# Zebra Danio Fry???



## InfiniteGlory (Dec 17, 2012)

I was cleaning up some hornwort and found fry. I know it is not from my male betta, oto, or 2 male platys. I think I have one female and three make zebra danios so that is the only explanation I can come up with. The hornwort was covered in blue green algae. So I guess they really liked to hide in it. 

Since I am giving some of the hornwort away do I need to isolate the fry in a hang on breeder tank? Or can i use my daughter's 10 gallon which has one betta and 3 neon tetras?

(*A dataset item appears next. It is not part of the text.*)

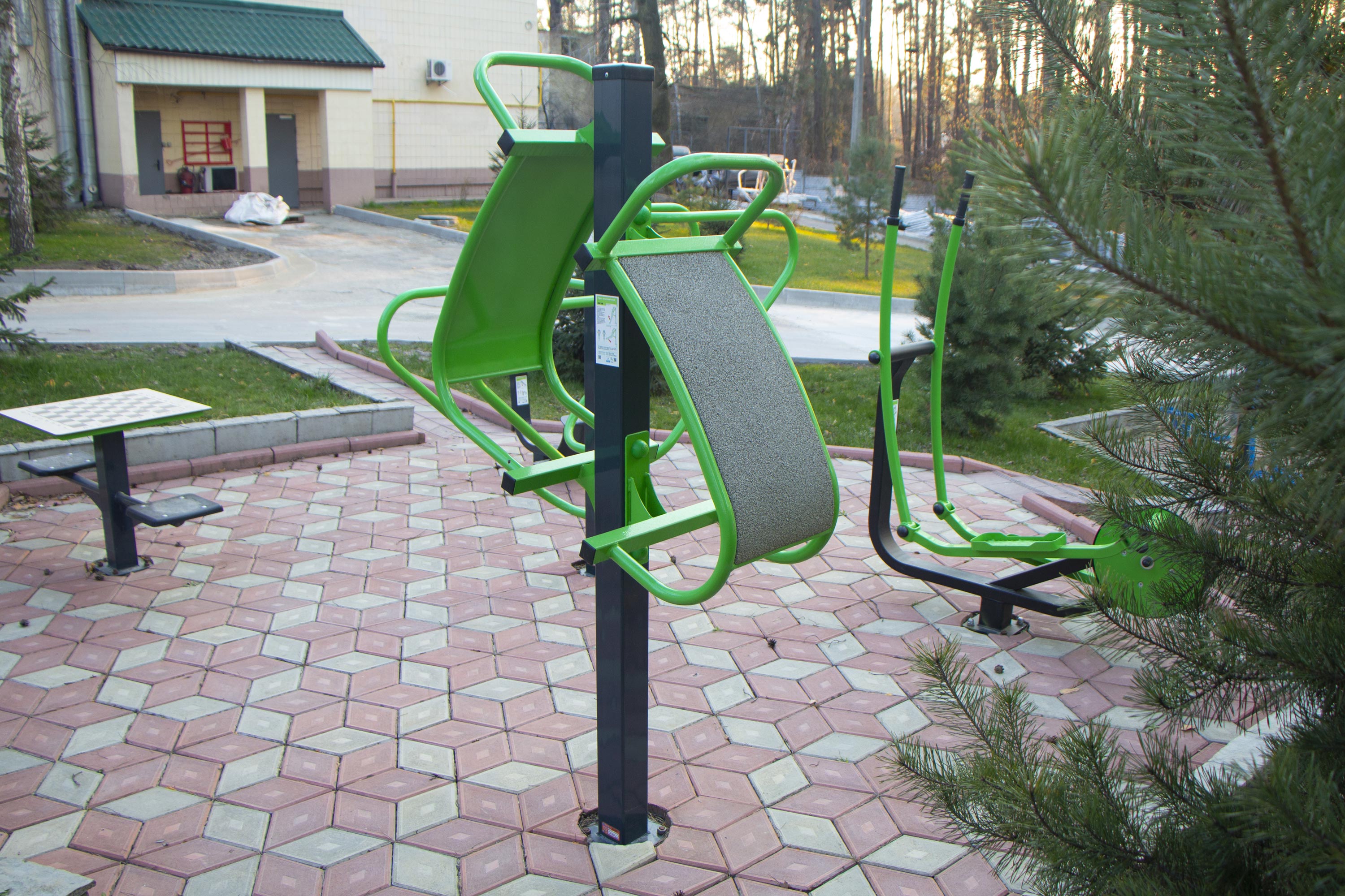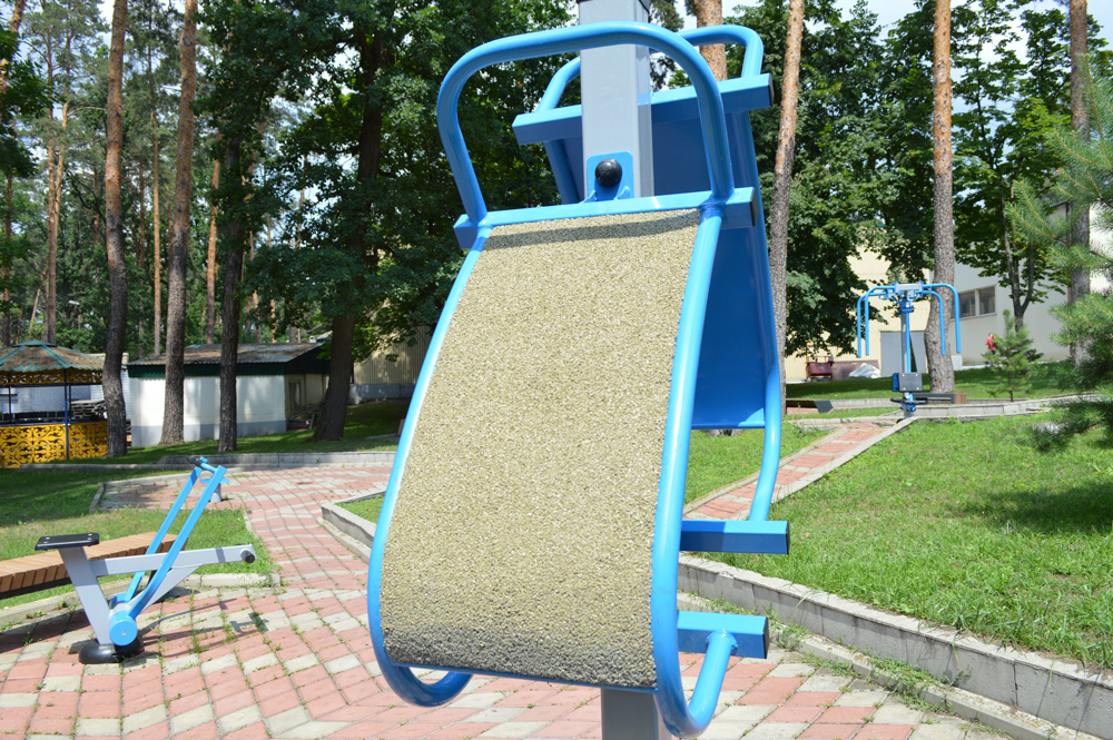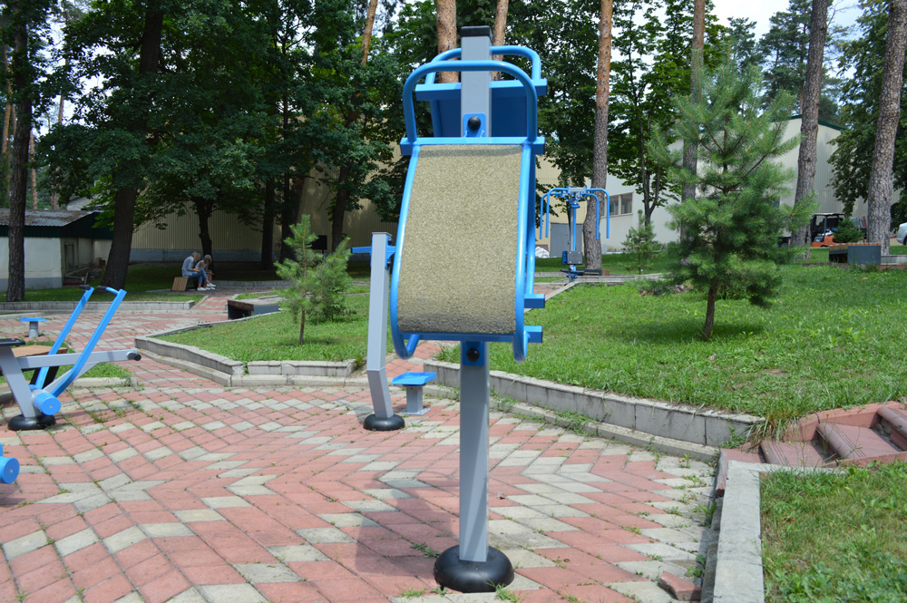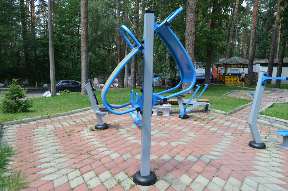 This machine is aimed at working out your abs, which is extremely important for your health. Strong Abdominal muscles improve the digestion process and the work of internal organs. The equipment is double-seat and lets two athletes do exercises at the same time, not disturbing each other. They can train in the fresh air because the design of the machine gives you the possibility to place it outdoors.

Here is the female zebra danio. Sorry she never really stops moving









Several pics of the fry, including two that are sitting on the front glass. Had to use thumb to get camera to focus.

Small black dot in center









There are a few more in the pic but only one really stands out. There is another one to the right and slightly down









Front glass 1









Front glass 2









Sent from my XT1254 using Tapatalk


----------



## ThatFishThough (Jan 15, 2016)

Wow! Lucky. I've been trying to get my Longfin Blue Danios to breed, but it hasn't worked. I personally would take them out and put them in a breeders net (not a box) so they don't get eaten but still get w/c.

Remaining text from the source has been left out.